---------- Records

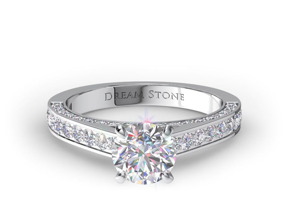 This white gold setting features pave-set diamonds on three sides for a perfect accent of brilliance and fire for your choice of center diamond. Over 1/2 of a carat total diamond weight.
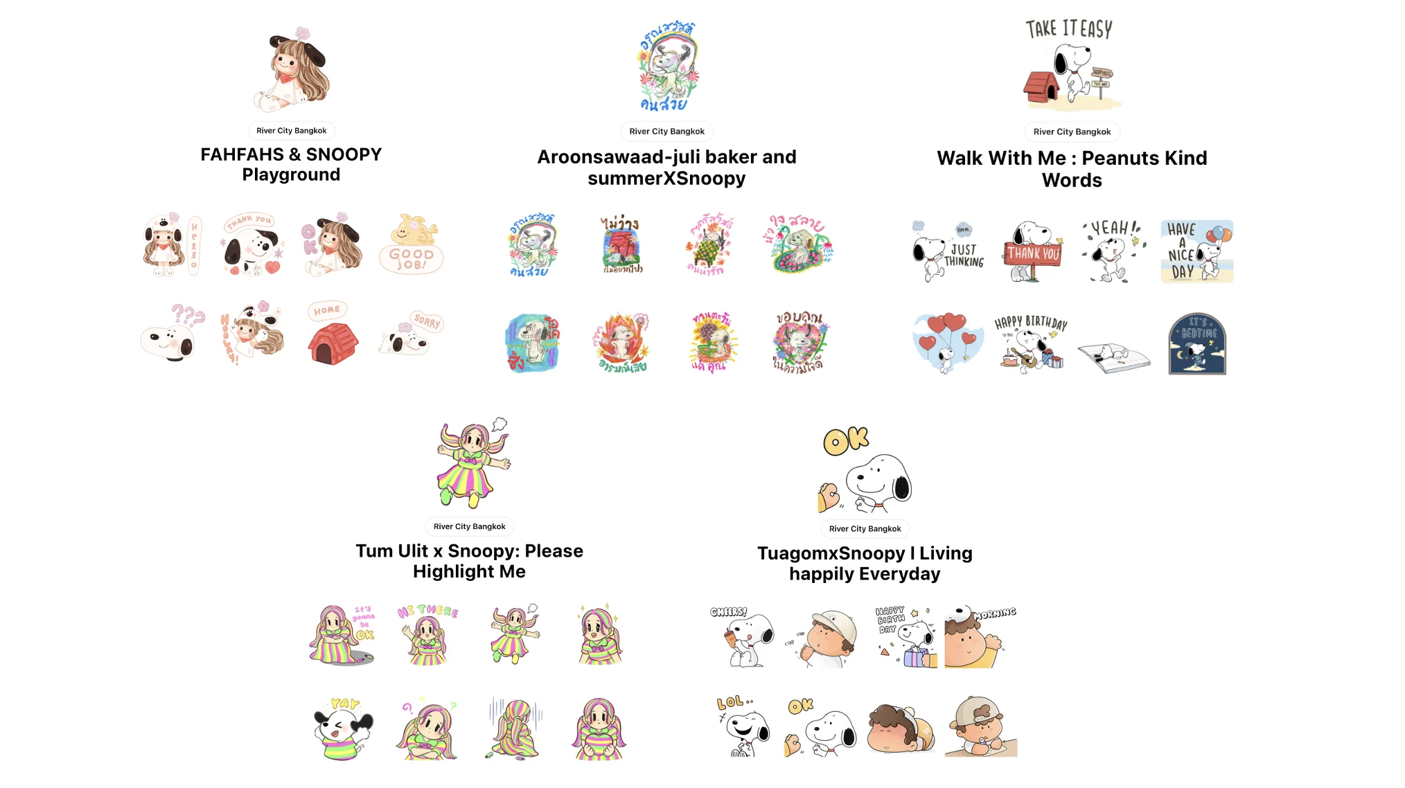 คอลเลกชัน LINE STICKERS พิเศษในโปรเจกต์ “How Do You Do, Snoopy? 75 Years: A Journey of Friendship Through Art” เป็นการนำเสนอคาแรกเตอร์ Snoopy ในมุมมองใหม่ผ่านลายเส้นอันเป็นเอกลักษณ์ของ 5 ศิลปินไทยชื่อดัง ได้แก่ FAHFAHS เจ้าของคาแรกเตอร์เด็กผู้หญิงตาโตในโทนสีพาสเทลอ่อนโยนสุดอบอุ่น, Tum Ulit ศิลปินผู้ถ่ายทอดสไตล์ผลงานที่น่ารัก เรียบง่าย ในรูปแบบสีหม่น ๆ สื่อถึงความเหงาและความเปราะบาง, Juli Baker and Summer กับงานเพนต์ลายเส้นอิสระที่โดดเด่นด้านการใช้สีสันสดใสเต็มไปด้วยพลังบวก, Tuagomstudio เจ้าของคาแรกเตอร์ “ตัวกลม” ที่ดูเป็นมิตรกับทุกคน และ Munins ผู้ถ่ายทอดความนุ่มละมุนในสไตล์มินิมัลที่ลึกซึ้งกินใจ
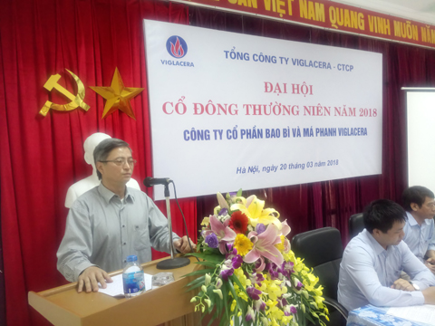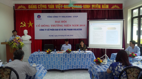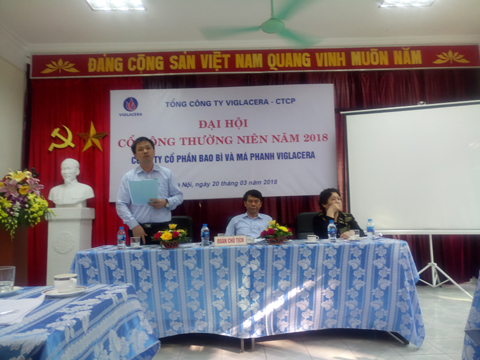 Tới dự đại hội có sự hiện diện của Ông Nguyễn Minh Tuấn - Phó Tổng giám đốc TCT Viglacera, Ông Kiều Bách - Chủ tịch HĐQT Công ty, Ông Đặng Minh Tâm – UV. HĐQT kiêm Giám đốc Công ty, các Ủy viên Hội đồng quản trị và Ban kiểm soát cùng các Cổ đông của Công ty. Đại hội đã nghe Ông Đặng Minh Tâm - Giám đốc Công ty CP Bao bì và Má phanh Viglacera trình bày kết quả hoạt động sản xuất kinh doanh năm 2017 và kế hoạch kinh doanh năm 2018; báo cáo của Ban kiểm soát năm 2017, báo cáo của Hội đồng quản trị năm 2017 và các giải pháp chỉ đạo thực hiện KHKD năm 2018.
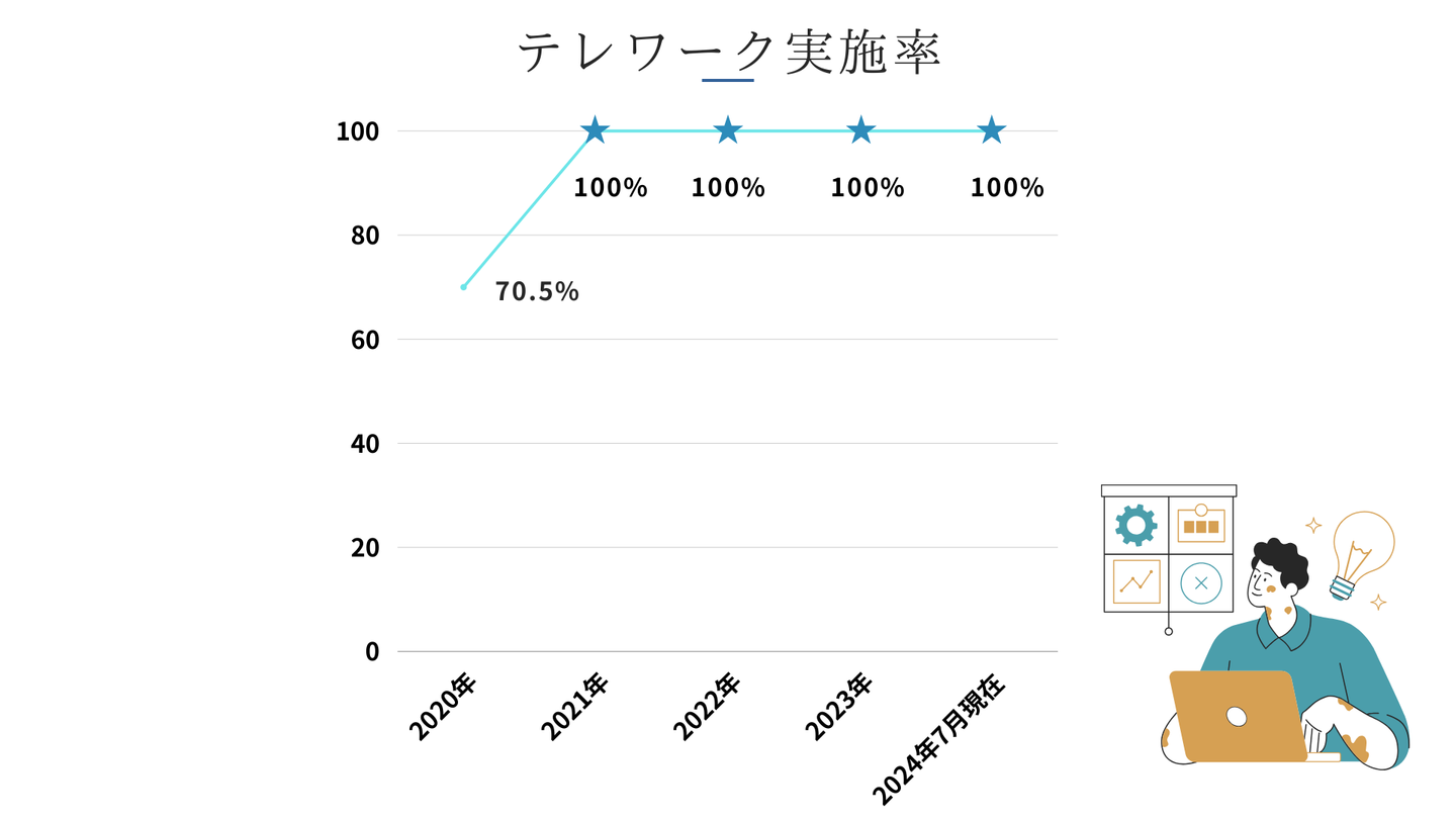 2020年9月~2024年7月現在まで、テレワーク実施率は100%です。
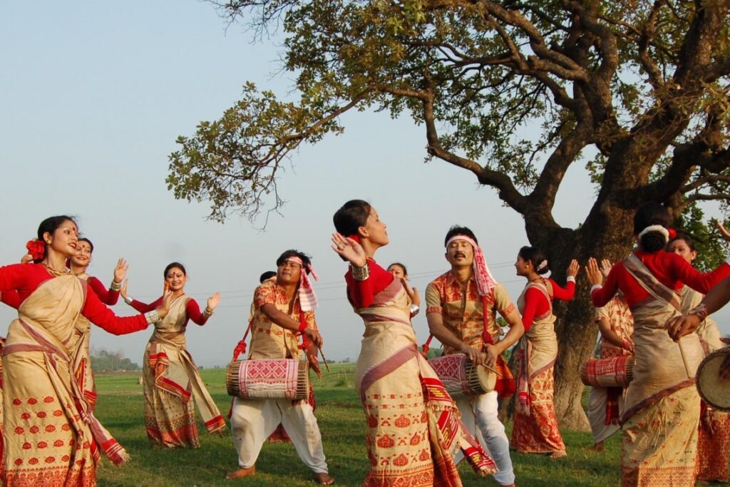 പുതുവർഷ പിറവിയിൽ അസംകാർ മതഭേദമില്ലാതെ വളരെ പ്രാധാന്യത്തോടെ ആഘോഷിക്കുന്ന ഈ കാർഷികോത്സവം വിളവു തരുന്ന പ്രകൃതിയോടുള്ള മനുഷ്യന്റെ സ്നേഹ പ്രകടനം തന്നെയാണ്. രാത്രി മുതൽ പുലരുവോളം സദ്യവട്ടങ്ങളും നൃത്തസംഗീതവുമെല്ലാമായി വലിയൊരാഘോഷം. ബൊഹാഗ് ബിഹുവിനോടനുബന്ധിച്ച് അരങ്ങേറുന്ന നാടോടി കലാരൂപമായ ബിഹുനൃത്തം ഈ ആഘോഷത്തിന് പൊലിമ കൂട്ടുന്നു. ഒരു ദിവസം വൈകുന്നേരം കുറച്ചകലെയുള്ള പാടത്ത് വെച്ച് നടന്ന ബിഹുഡാൻസ് ആസ്വദിക്കാനുള്ള അവസരവും ഞങ്ങൾ മലയാളികൾ പാഴാക്കിയില്ല. കൊയ്ത്തു കഴിഞ്ഞ പാടത്തു നിന്ന് കൊട്ടിപ്പാടി അവതരിപ്പിച്ചിരുന്ന ബിഹു നൃത്തം പിൽക്കാലത്ത് നഗരവേദികളിലേക്ക് വരെ വഴിമാറിയിട്ടുണ്ട്. ചുവടുകളിലും ഉടയാടകളിലും സംഗീതത്തിലുമെല്ലാം അസമിന്റെ തനതു പാരമ്പര്യം കാത്തുസൂക്ഷിക്കുന്നുണ്ട് ഈ നൃത്തരൂപം. ധോലക്, പെപ്പ, തുടങ്ങിയ വാദ്യോപകരണങ്ങളുമായി പുരുഷന്മാർ പാടുമ്പോൾ പരമ്പരാഗത വസ്ത്രമായ ‘മേഘല ഛദർ’ (ചുവപ്പ് കരയോടെ ചന്ദനനിറത്തിലുള്ള വേഷ്ടിയും മുണ്ടും) ധരിച്ച് ആഭരണങ്ങളിഞ്ഞ് മുടിയിൽ അസമിന്റെ സംസ്ഥാന പുഷ്പമായ കൗപ്പൽപ്പൂവും ചൂടിയെത്തുന്ന യുവതികൾ നൃത്തമാടും. ദ്രുതഗതിയിലുള്ള കൈകാൽ ചലനം, അരക്കെട്ടിന്റെ താളാത്മകമായ ചാഞ്ചാട്ടം എന്നിവകൊണ്ട് ഏറെ ആകർഷകമാണ് ഈ നൃത്തം. പുതുവർഷത്തെ വരവേൽക്കുന്നതിനുള്ള ഉണർത്തുപാട്ടുകളാണ് ബിഹു ഗാനങ്ങൾ. ഇവ ഭൂമി ദേവിയെ ഉത്തേജിപ്പിക്കുമെന്നും അങ്ങനെ നല്ല വിളവ് ലഭിക്കുമെന്നും ഇവിടുത്തെ കർഷകർ വിശ്വസിക്കുന്നു. ലളിതമായ ഭാഷയിലുള്ള ബിഹു ഗാനങ്ങൾ നാടോടി സംഗീതത്തിന്റെ അകമ്പടിയോടെ അവതരിപ്പിക്കുന്നതിനാൽ ഏറെ ജനപ്രിയമായി മാറിയിട്ടുണ്ട്. ചില ഗാനങ്ങളിൽ സാമൂഹിക പ്രശ്നങ്ങൾ ഹാസ്യാത്മകമായി അവതരിപ്പിക്കുന്ന രീതിയുമുണ്ട്.

--------------------

■ **Task requirements**:
Transcribe every entry word for word, but omit the pictures.

■ **Solution**:
 This white gold setting features pave-set diamonds on three sides for a perfect accent of brilliance and fire for your choice of center diamond. Over 1/2 of a carat total diamond weight.
 คอลเลกชัน LINE STICKERS พิเศษในโปรเจกต์ “How Do You Do, Snoopy? 75 Years: A Journey of Friendship Through Art” เป็นการนำเสนอคาแรกเตอร์ Snoopy ในมุมมองใหม่ผ่านลายเส้นอันเป็นเอกลักษณ์ของ 5 ศิลปินไทยชื่อดัง ได้แก่ FAHFAHS เจ้าของคาแรกเตอร์เด็กผู้หญิงตาโตในโทนสีพาสเทลอ่อนโยนสุดอบอุ่น, Tum Ulit ศิลปินผู้ถ่ายทอดสไตล์ผลงานที่น่ารัก เรียบง่าย ในรูปแบบสีหม่น ๆ สื่อถึงความเหงาและความเปราะบาง, Juli Baker and Summer กับงานเพนต์ลายเส้นอิสระที่โดดเด่นด้านการใช้สีสันสดใสเต็มไปด้วยพลังบวก, Tuagomstudio เจ้าของคาแรกเตอร์ “ตัวกลม” ที่ดูเป็นมิตรกับทุกคน และ Munins ผู้ถ่ายทอดความนุ่มละมุนในสไตล์มินิมัลที่ลึกซึ้งกินใจ
 Tới dự đại hội có sự hiện diện của Ông Nguyễn Minh Tuấn - Phó Tổng giám đốc TCT Viglacera, Ông Kiều Bách - Chủ tịch HĐQT Công ty, Ông Đặng Minh Tâm – UV. HĐQT kiêm Giám đốc Công ty, các Ủy viên Hội đồng quản trị và Ban kiểm soát cùng các Cổ đông của Công ty. Đại hội đã nghe Ông Đặng Minh Tâm - Giám đốc Công ty CP Bao bì và Má phanh Viglacera trình bày kết quả hoạt động sản xuất kinh doanh năm 2017 và kế hoạch kinh doanh năm 2018; báo cáo của Ban kiểm soát năm 2017, báo cáo của Hội đồng quản trị năm 2017 và các giải pháp chỉ đạo thực hiện KHKD năm 2018.
 2020年9月~2024年7月現在まで、テレワーク実施率は100%です。
 പുതുവർഷ പിറവിയിൽ അസംകാർ മതഭേദമില്ലാതെ വളരെ പ്രാധാന്യത്തോടെ ആഘോഷിക്കുന്ന ഈ കാർഷികോത്സവം വിളവു തരുന്ന പ്രകൃതിയോടുള്ള മനുഷ്യന്റെ സ്നേഹ പ്രകടനം തന്നെയാണ്. രാത്രി മുതൽ പുലരുവോളം സദ്യവട്ടങ്ങളും നൃത്തസംഗീതവുമെല്ലാമായി വലിയൊരാഘോഷം. ബൊഹാഗ് ബിഹുവിനോടനുബന്ധിച്ച് അരങ്ങേറുന്ന നാടോടി കലാരൂപമായ ബിഹുനൃത്തം ഈ ആഘോഷത്തിന് പൊലിമ കൂട്ടുന്നു. ഒരു ദിവസം വൈകുന്നേരം കുറച്ചകലെയുള്ള പാടത്ത് വെച്ച് നടന്ന ബിഹുഡാൻസ് ആസ്വദിക്കാനുള്ള അവസരവും ഞങ്ങൾ മലയാളികൾ പാഴാക്കിയില്ല. കൊയ്ത്തു കഴിഞ്ഞ പാടത്തു നിന്ന് കൊട്ടിപ്പാടി അവതരിപ്പിച്ചിരുന്ന ബിഹു നൃത്തം പിൽക്കാലത്ത് നഗരവേദികളിലേക്ക് വരെ വഴിമാറിയിട്ടുണ്ട്. ചുവടുകളിലും ഉടയാടകളിലും സംഗീതത്തിലുമെല്ലാം അസമിന്റെ തനതു പാരമ്പര്യം കാത്തുസൂക്ഷിക്കുന്നുണ്ട് ഈ നൃത്തരൂപം. ധോലക്, പെപ്പ, തുടങ്ങിയ വാദ്യോപകരണങ്ങളുമായി പുരുഷന്മാർ പാടുമ്പോൾ പരമ്പരാഗത വസ്ത്രമായ ‘മേഘല ഛദർ’ (ചുവപ്പ് കരയോടെ ചന്ദനനിറത്തിലുള്ള വേഷ്ടിയും മുണ്ടും) ധരിച്ച് ആഭരണങ്ങളിഞ്ഞ് മുടിയിൽ അസമിന്റെ സംസ്ഥാന പുഷ്പമായ കൗപ്പൽപ്പൂവും ചൂടിയെത്തുന്ന യുവതികൾ നൃത്തമാടും. ദ്രുതഗതിയിലുള്ള കൈകാൽ ചലനം, അരക്കെട്ടിന്റെ താളാത്മകമായ ചാഞ്ചാട്ടം എന്നിവകൊണ്ട് ഏറെ ആകർഷകമാണ് ഈ നൃത്തം. പുതുവർഷത്തെ വരവേൽക്കുന്നതിനുള്ള ഉണർത്തുപാട്ടുകളാണ് ബിഹു ഗാനങ്ങൾ. ഇവ ഭൂമി ദേവിയെ ഉത്തേജിപ്പിക്കുമെന്നും അങ്ങനെ നല്ല വിളവ് ലഭിക്കുമെന്നും ഇവിടുത്തെ കർഷകർ വിശ്വസിക്കുന്നു. ലളിതമായ ഭാഷയിലുള്ള ബിഹു ഗാനങ്ങൾ നാടോടി സംഗീതത്തിന്റെ അകമ്പടിയോടെ അവതരിപ്പിക്കുന്നതിനാൽ ഏറെ ജനപ്രിയമായി മാറിയിട്ടുണ്ട്. ചില ഗാനങ്ങളിൽ സാമൂഹിക പ്രശ്നങ്ങൾ ഹാസ്യാത്മകമായി അവതരിപ്പിക്കുന്ന രീതിയുമുണ്ട്.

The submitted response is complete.